* _Work to be completed_:
Copy out only the lines running from the one that contains "- Quorum Controller가" through the end of the listing. Pictures stay out.

* _Provided material_:
↓↓↓
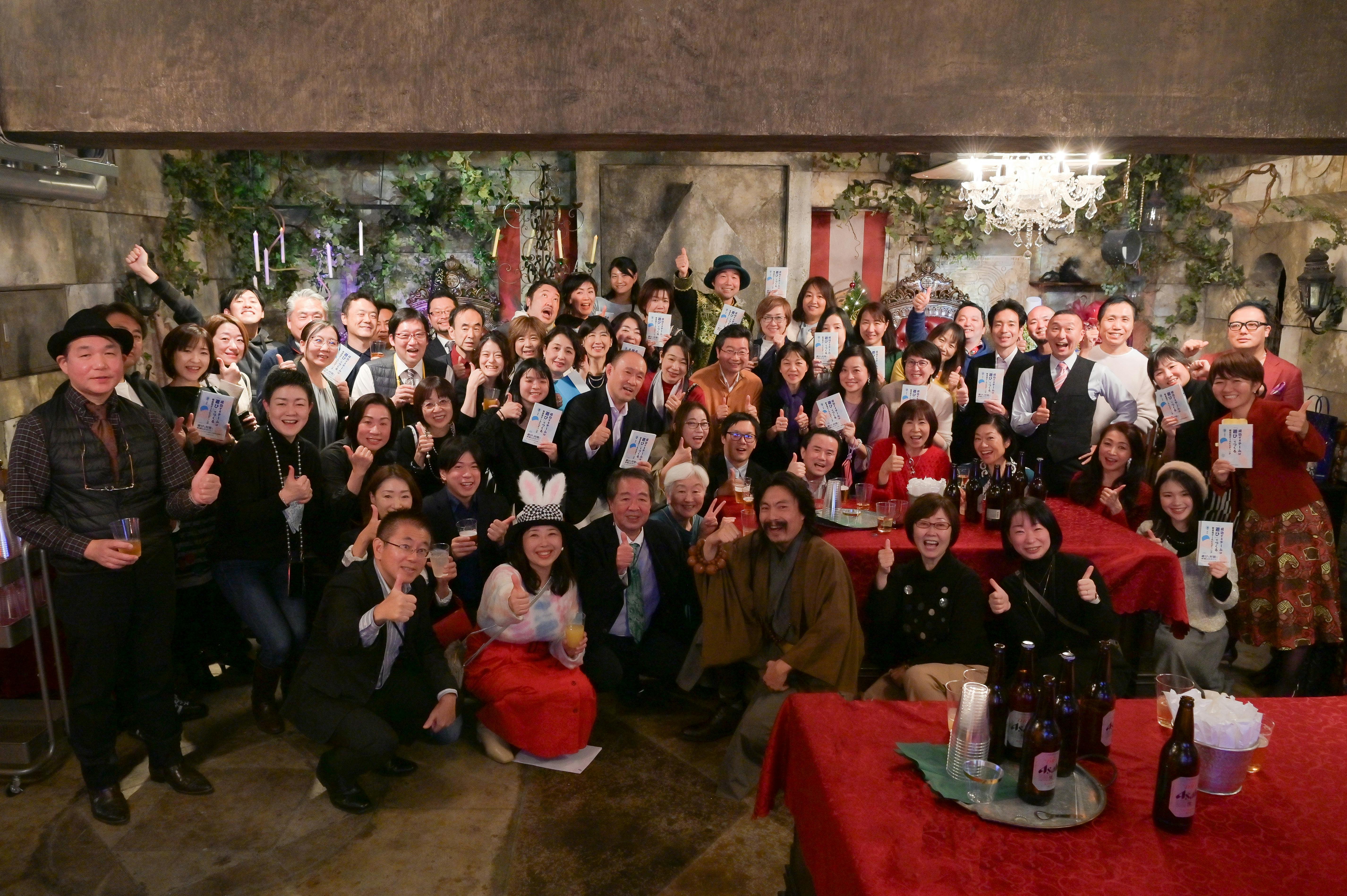 2023/12/27 15:00活動報告が大変遅くなってしまったのですが、12月7日(木)夜!アイデアの城にて出版記念パーティーを無事に終えました。当日は70名満席。出版プロデューサーからの励ましの言葉に始まり、ゲームを楽しみ、応援ソングのお披露目がありました。ステキな体験を共有できたこと。このような形で出版をお祝いの形にできたこと。心から感謝しかありません。遊びには、純粋な心の状態としての「遊び」と、ゲームの「遊び」の2つがあります。この2つを活かしあいながら、人間関係やチーム課題に向き合ってゆきたい。遊びは地球を救う今回、降りてきた言葉です。そして、4社の協賛により、世界初のブックフラワーも飾ることができました。とってもきれいでした。ますます、ワクワクする世の中つくるに邁進します。みなさん。本を手にしてしまった、ということはもう「遊び」を使える仲間達です。人生は遊びです。とことん楽しみましょう。緊張感に満ちた社会を緩めて、夢を描くワクワクする心をみんなで育ててゆけたら、と願っております。この記念パーティーの様子はアチーバスジャパンのHPにも掲載されました。どうぞご覧ください。「成功するチームは遊びでつくる」出版記念パーティーの様子https://www.achievus-japan.com/project/book/「本を遊ぶ企画」まだまだ始まったばかりです。お楽しみに~! もっと見る
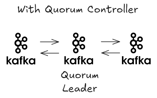 - Quorum Controller가 있는 경우, Kafka 브로커들만 존재하고, 그 중 하나가 Quorum 리더가 된다.
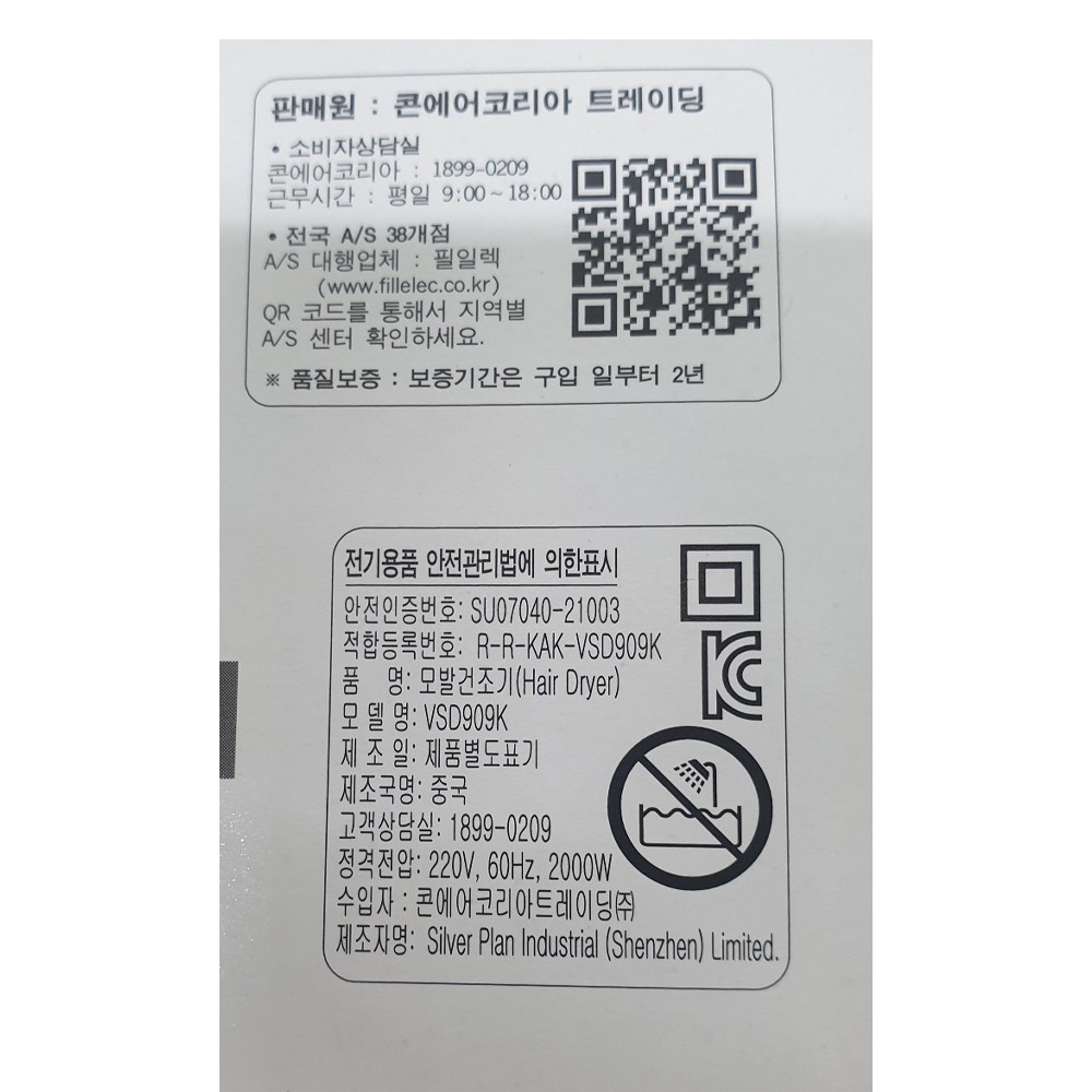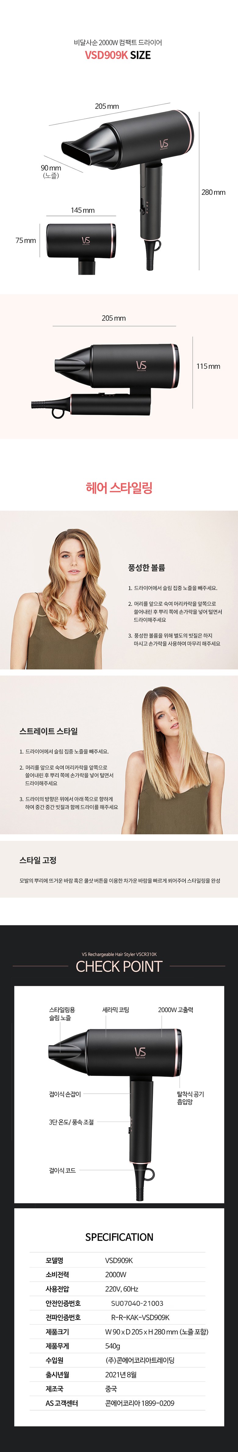 | 품명 및 모델명 | 모발건조기 VSD909K | KC 인증정보 | SU07040-21003, R-R-KAK-VSD909K |
↑↑↑
* _The completed task_:
 - Quorum Controller가 있는 경우, Kafka 브로커들만 존재하고, 그 중 하나가 Quorum 리더가 된다.
 | 품명 및 모델명 | 모발건조기 VSD909K | KC 인증정보 | SU07040-21003, R-R-KAK-VSD909K |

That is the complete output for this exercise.